Journaling is a highly effective tool for stress relief and can take several forms, so there are multiple options that can work for you.

If you already have a favourite journaling habit, by all means, keep it up! But you may want to try something new in addition to it. And if you’re new to journaling, here are three practices to try. See what works best for you.

Gratitude Journal: Some people keep a daily gratitude journal where they list three or more aspects of each day for which they are grateful. This is a highly effective strategy for relieving stress because it helps you to focus on the resources you have in your life already and create a more positive mood at the moment, both of which have been shown to build long-term resilience.

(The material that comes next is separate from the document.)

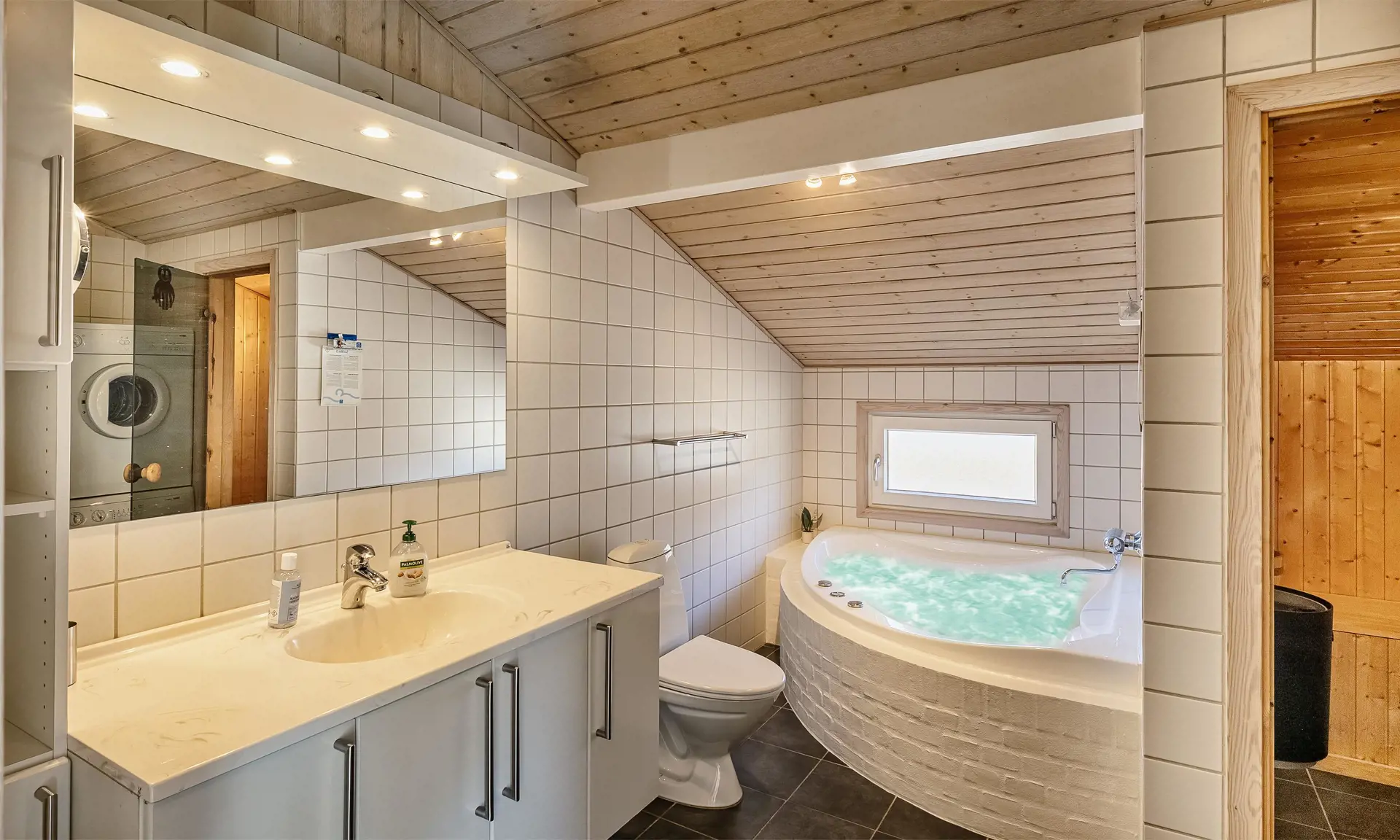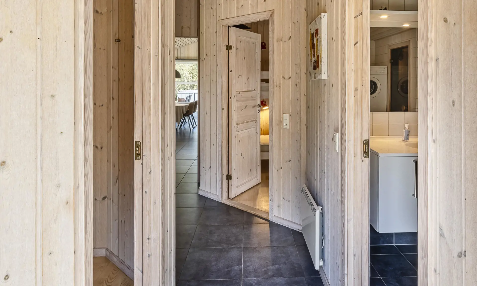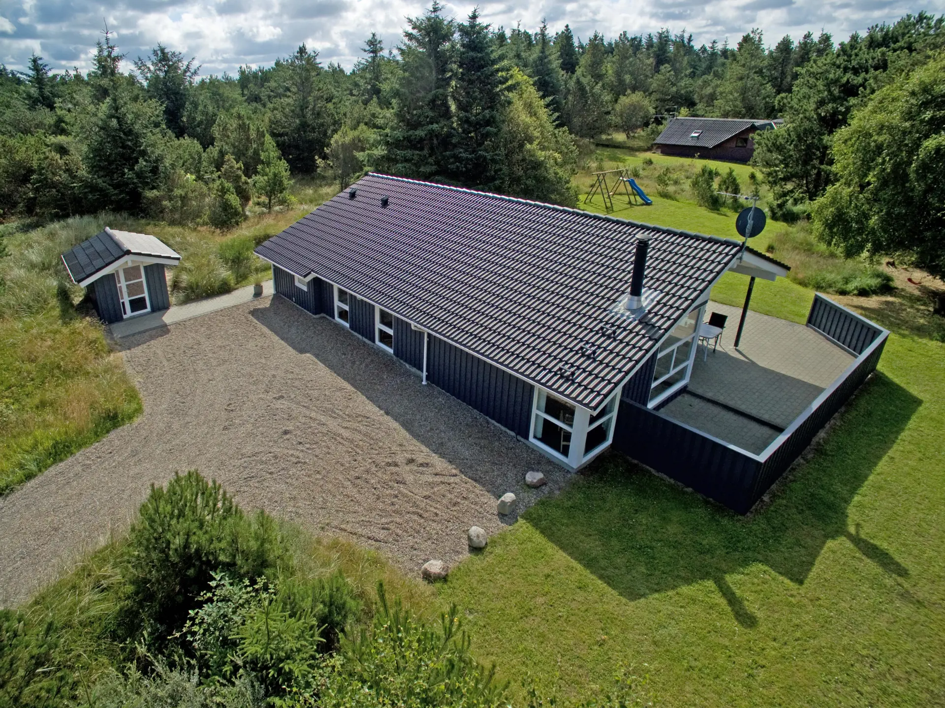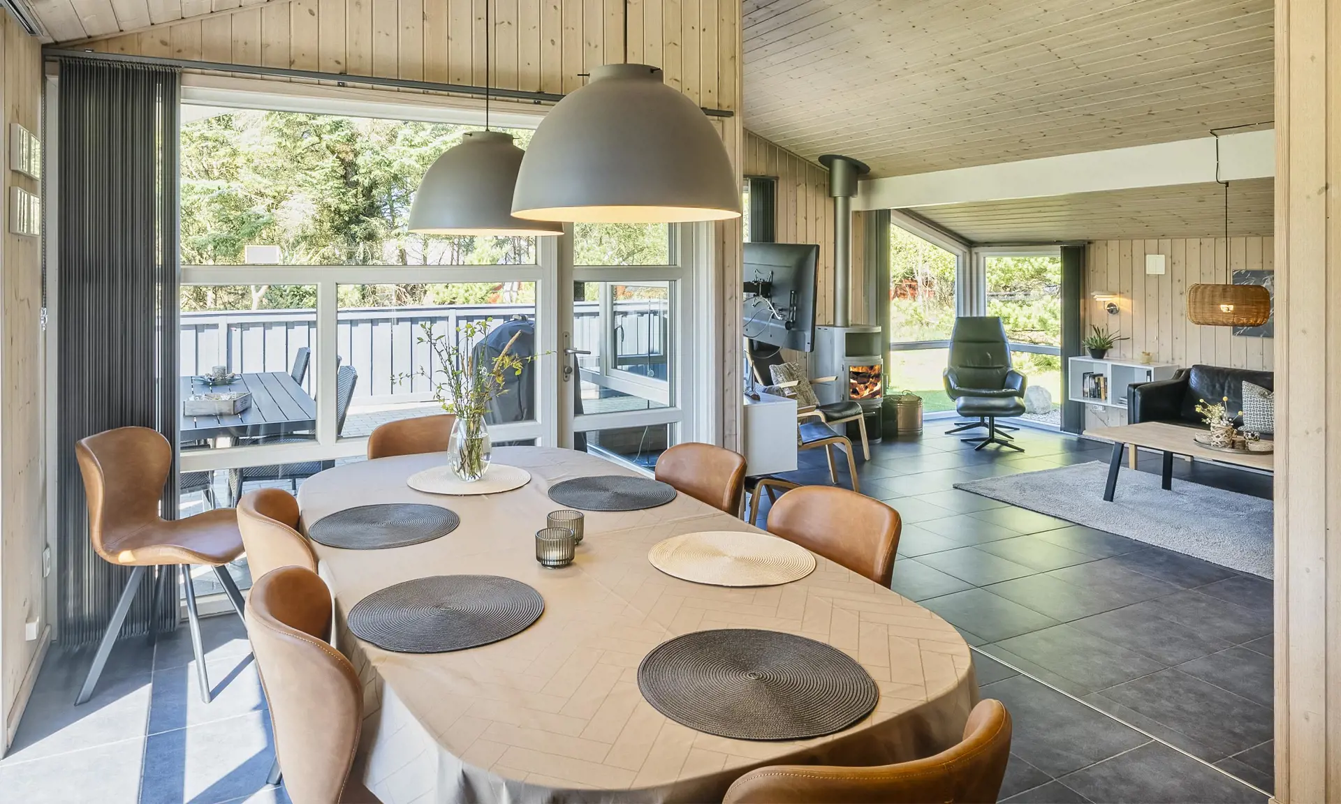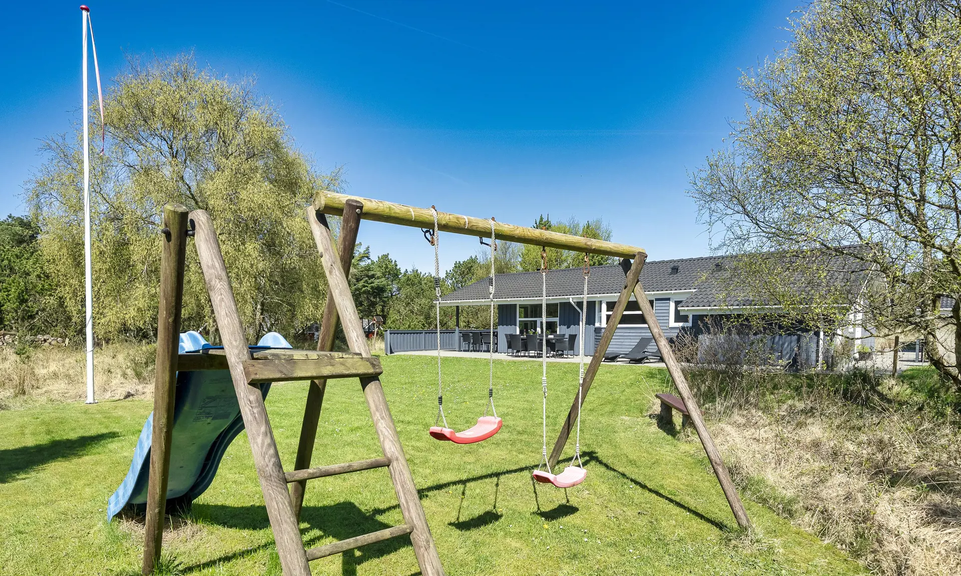 Sehr modernes und geschmackvoll eingerichtetes Ferienhaus auf einem 3.100 m2 großem Rasengrundstück gelegen. Das Ferienhaus ist für 6 bis 8 Personen ausgestattet. Der Strand liegt etwa 1 km vom Haus entfernt. Das komplette Ferienhaus ist gefliest bis auf die Bereiche in den Schlafzimmern, die sind mit einem Laminat versehen. Alles in diesem Haus ist farblich gut abgestimmt und die Einrichtung ist sehr stilvoll ausgesucht. Großes modernes Wohnzimmer mit einer gemütlichen Sitzgarnitur ausgestattet. Das Fernsehprogramm empfangen Sie über Stofa, daher sind nur 5-8 deutsche Kanäle zu empfangen. Der Kamin ist hier im hinteren Wohnbereich aufgestellt. Über eine kleine Stufe gelangen Sie dann in den Essbereich mit der offenen Wohnküche. Die Küche verfügt über einen Herd mit Cerankochfeld, einem Backofen in Arbeitshöhe, einer Geschirrspülmaschine, einer Mikrowelle und einer Kühl- und Gefrierkombination. Es stehen zwei Bäder im Hause für die Gäste zur Verfügung. Das kleinere ist mit einem WC, einem Handwaschbecken und einer Dusche ausgestattet. Hier steht Ihnen auch genügend Ablagefläche für Ihre Badutensilien zur Verfügung. Das große Badezimmer hat ein WC, ein Handwaschbecken, eine Dusche, eine Sauna und einen Whirlpool. Die Waschmaschine und der Trockner sind hier in dem großen Badezimmer untergebracht. Insgesamt stehen den Gästen drei Schlafzimmer zur Verfügung: DB + DB + 4B. Zwei der Schlafzimmer sind mit je einem Doppelbett ausgestattet und das Dritte verfügt über zwei Einzelbetten und ein Etagenbett. Im Hauptschlafzimmer gibt es elektrische Hebbetten. Hinterm Haus steht Ihnen eine großzügige mit Fliesen belegte Terrasse für Ihre Grillabende oder Ihr Sonnenbad zur Verfügung. Ein kleiner Bereich davon ist sogar überdacht. Für die kleinen Gäste ist ein Schaukelstativ mit einer Rutsche und Klettergerüst aufgestellt. Der Garten ist eingezäunt. Das Ferienhaus verfügt über einen Internetanschluss (W-Lan). Es sind max. zwei Haustiere erlaubt. Das Rauchen ist nicht gestattet. Das Ferienhaus wurde 2006 erbaut.

A bonus benefit is that you are left with a record of the many nice things that have happened throughout your days, so if you’re feeling down in the future, you can cheer yourself up with a few pages of reminders for the things you have to appreciate in life.

Emotional Release: You may also write about your emotional responses to events that have happened throughout the day as a way of coping with the stress. This can help you to process what you are feeling and perhaps even explore more positive re-framing options.

When writing about positive experiences, this allows you the ability to maximise and savour the positive feelings you may have for the good things that have happened in your day. This is also a great way to expand on the positive and manage the negative things that happen in your life, increasing your positivity ratio, which is an important aspect of stress management.

Bullet Journal or Personal Planning Journal: Some people simply keep journals to track what they need to do each day, goals they have, memories they create, and other things they don’t want to forget.

Because writing things down can help keep your mind uncluttered and help you to remember what’s important to you, this can relieve stress as well. Being more organized and balanced is a great way to feel less stressed.

And remember, if you find yourself not keeping a regular schedule with journaling, it’s a habit you can resume at any time. You don’t have to journal every day in order for it to work for you – a few times a week is still highly beneficial, and even journaling on an as-needed basis brings benefits.

If you had a journaling habit and stopped because life got in the way, remember – any day is a good day to get back into the habit!